Help 'speeding' up this 'parsing' script - taking 24+ hours to run Post: 303015332

Sponsored Content

Top Forums Shell Programming and Scripting Help 'speeding' up this 'parsing' script - taking 24+ hours to run Post 303015332 by bakunin on Tuesday 3rd of April 2018 04:26:37 AM

04-03-2018

Registered User

The following is probably not the answer you hoped for - i will tell you what you did do wrongly, why it was wrong and how you could do it better. You will still have to implement what i tell you yourself. Also, i will keep my explanation very short and introductory. You will need to research many of the pointers i will give you on your own to explore the full capabilities of the things i will explain to you.
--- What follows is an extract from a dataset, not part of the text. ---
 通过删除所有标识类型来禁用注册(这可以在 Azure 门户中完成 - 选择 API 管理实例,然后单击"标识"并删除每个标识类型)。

If you want to show us the fruit of your efforts once you reimplemented the script and seek further advice - you will be welcome.

Quote:

Originally Posted by newbie_01

I've written a ksh script that read a file and parse/filter/format each line. The script runs as expected but it runs for 24+ hours for a file that has 2million lines. And sometimes, the input file has 10million lines which means it can be running for more than 2 days and still not finish.

This is a good start. Whenever you write code always take the time to estimate how long it will run, depending on the amount of input you expect. You don't need exact calculations, just a rough estimation for some expected orders of magnitude will suffice. There is a whole mathematical theory about this (see "Landau symbols" or "Big O notation"), but we won't need it. A glimpse of it will suffice.
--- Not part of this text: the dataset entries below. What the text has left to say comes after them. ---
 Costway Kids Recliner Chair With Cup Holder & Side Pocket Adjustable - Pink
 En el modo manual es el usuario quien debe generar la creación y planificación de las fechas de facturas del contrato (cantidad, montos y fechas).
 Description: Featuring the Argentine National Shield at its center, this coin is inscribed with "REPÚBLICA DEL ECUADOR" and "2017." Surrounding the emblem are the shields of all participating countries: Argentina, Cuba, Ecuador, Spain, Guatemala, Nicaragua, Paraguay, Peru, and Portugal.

Look at the following code:

Code:

while read LINE ; do
     program -abc "$LINE" >> firstresult
     program -def "$LINE" >> secondresult
done < /some/input

How long will this run? Well, obviously that depends on how long "program" will run, yes? But even without knowing that we can already say that for every line of input we will have to run "program" twice. Now we can examine the input and if it contains, say, 1 million lines, we know that "program" will be called 2 million times. If we estimate that "program" needs 1 millisecond for a single run the script will take 0.001s x 2 000 000 = 2 000s ^= ~35min. Add to that some overhead for reading the input file, writing the output files, loading "program" two million times into memory and starting it, etc. and we probably end at 1 hour runtime.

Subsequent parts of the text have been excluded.